Nigeria: Police And Their Myriad Problems

editorial

Lagos — The Nigeria Police are in the news again, as always. And as usual not for anything salutary. The entire policemen and women from the Inspector-General of Police to the last recruit are out on the streets queuing.

In a tasking search for ghost workers. It is really funny to know that the police whose work it is to eliminate crime, should exhibit such celebrated inability for accurate record keeping.

As though that was not enough, a Lagos-based national newspaper last week did nearly a full-page feature on how recruitment into the police force is riddled with fraud such that a candidate is required to pay as much as N250, 000 for the recruitment form, plus so many other sums for greasing the palms of some officials and self- appointed recruitment officers. All that came shortly after the former Lagos State Police Commissioner, Alhaji Abubakar Tsav, went full blast on the police and its corrupt agents at the Oputa Panel which has just ended its sitting in Enugu.

What all that adds up to is that the Nigeria Police Force is one giant sick body which requires a radical surgical operation. It is very unfortunate that that has to be so, since it is detrimental to the societal well-being of the Nigerian populace.

There is need for justice in every society. For there to be justice, there has to be security and in order to have security we have to have well paid agents of the state preventing crime, as well as docking criminals and to even guarantee safety on our roads.

It will be right to argue that the problems of the force did not start today, but instead has accumulated over the years as the military neglected the force, some suggest that it is because the military did not want any rival to its supremacy in the then largely subjugated Nigerian social political landscape. However, since Nigeria is now in a democracy, for two years now, there ought to have been manifest exhibition of the political will on the part of government to equip the police to do their work.

But that has not happened. What has happened was that government resorted to a blanket ban on all organisations.

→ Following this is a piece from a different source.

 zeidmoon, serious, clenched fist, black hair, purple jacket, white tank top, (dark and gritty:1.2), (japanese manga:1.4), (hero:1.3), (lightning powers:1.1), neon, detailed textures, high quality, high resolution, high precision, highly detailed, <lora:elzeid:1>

The FG, for instance, came out with a pronouncement banning OPC and all such other groups. In the case of Anambra State Vigilance services the FG got into a little bit of a problem because it is not a tribal group with the agenda to redress perceived injustices against ethnic groups, like OPC and MASSOB, it is a security outfit which the State Assembly of the Anambra State government backed with an enabling law to drastically bring to an end the calamity that Anambra had continued to face concerning insecurity.

The situation got so bad that to carry a polythene bag with a pair of shoes in Onitsha was to sign one's own death warrant. It was a question of a drastic ailment requiring a drastic solution in Anambra State.

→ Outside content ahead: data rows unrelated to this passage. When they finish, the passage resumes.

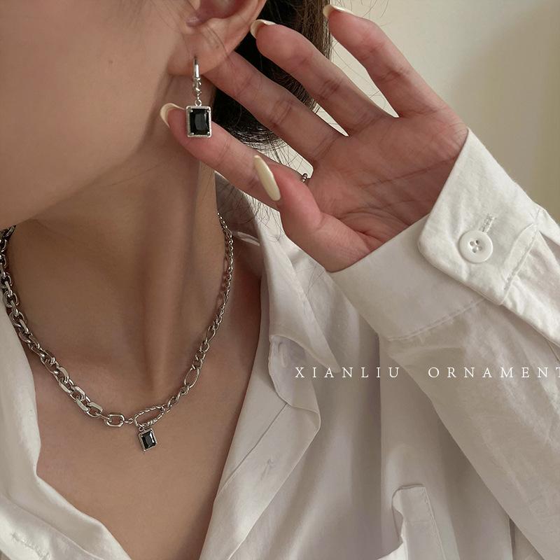 Collar coreano de circonita negra para mujer, cadena de clavícula, estilo hip hop, combina con todo, ligero, lujoso, diseño de nicho, accesorios para mujer
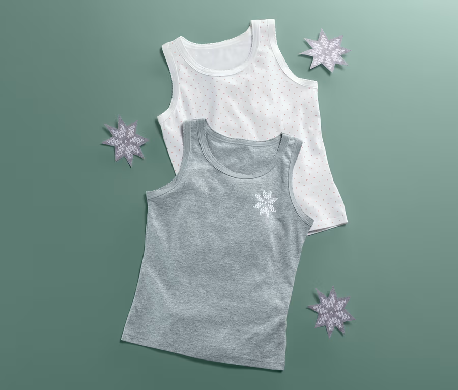 - 1x weiß mit rotem Schneeflocken-Alloverprint, 1x grau meliert mit weißem Schneeflocken-Print
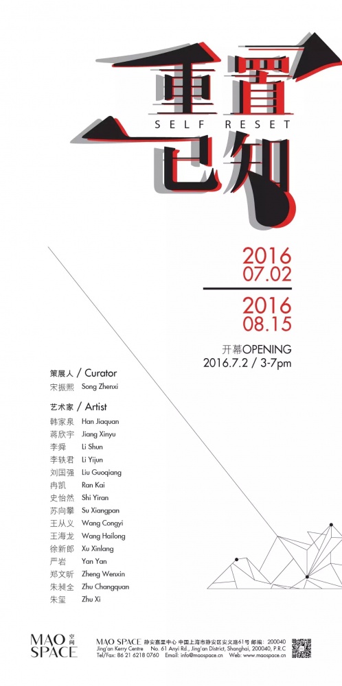 2016年7月2日,Mao Space静安嘉里中心将呈现当代艺术家邀请展“重置已知”,此次展览集合15位艺术家,30余件作品,涵盖绘画、综合艺术、装置、影像、摄影等艺术类型。

And to improve the genuine desires for a secure society on the part of Dr. Chinwoke Mbadinuju, last week he inaugurated an eight man supervisory panel for Bakassi and said that Bakassi would be under the police force.

That is a very clear demonstration of transparency as it concerns the objective of guaranteeing a secure Anambra State. But this piece is not about Anambra or Bakassi, but about the police.

Concerning setting up rival agencies to do the work of the police, the military government of Ibrahim Babangida set the pace by setting up Federal Road Safety Commission (FRSC), headed by Professor Wole Soyinka. This came to a head during the Abacha era when there re- emerged a deluge of operations: Operation Sweep, Operation Nkpochapu, all "sound and fury," achieving nothing.

Whether it was for ethnic or security purposes, the emergence of these organisations whether in the past, or now, have only gone to prove that the Nigerian Police Force has failed in its constitution responsibility of policing the country from the Northern to the Southern Atlantic boundaries, due to all sorts of problems. Principal among which is insufficient funding and misplacement of priority on the part of successive administrations.

A situation which has then given room for some highly placed officers to further mismanage the force. Alhaji Tsav actually named a top ranking officer of the force "a prisoner on parole." That may just be his opinion, but it does follow that such characters exploit the loopholes in the system to cruise roughshod on bribery and corruption.

It is only where there is no honest and purposeful supervision that a single exercise such as recruitment will be riddled with fraud. It is unfortunate because what that means is that the new entrants would be dropouts who can afford the dubious fees charged.

What that means is that the force is doomed, for it is the human element, above infrastructure, sophisticated security gadgets, telephone lines, patrol vans, and computers, important as they are, that will ensure a safe and just society. It is true that the police have been given jeeps to work with, but a situation where the policemen and women get owed for months, like many Nigerian workers, does not allow for the best that, is patriotic and honourable.

Having said that, it is also important to maintain that the police as a body should know that hardship is not peculiar to it, and that even if it were, because of its elevated status as a security and crime agency, it has to be seen to always approach justice with clean hands. There is no gain in resorting to extortion and exploitation of innocent citizens, be it during recruitments or at illegal check points.

There is equally no gain in turning to illegal arms dealers supplying syndicates or armed gangs. There is even no redemption in becoming hired killers for or on behalf of dubious moneybags.

The thing for the police rank and file to do is to get a strong union that can mount pressure on the Inspector-General to pray the powers of the day to give police their rightful place. In addition, the entire force should be able to insist on ridding itself of miscreants that taint, the otherwise good work of the greater majority of the force.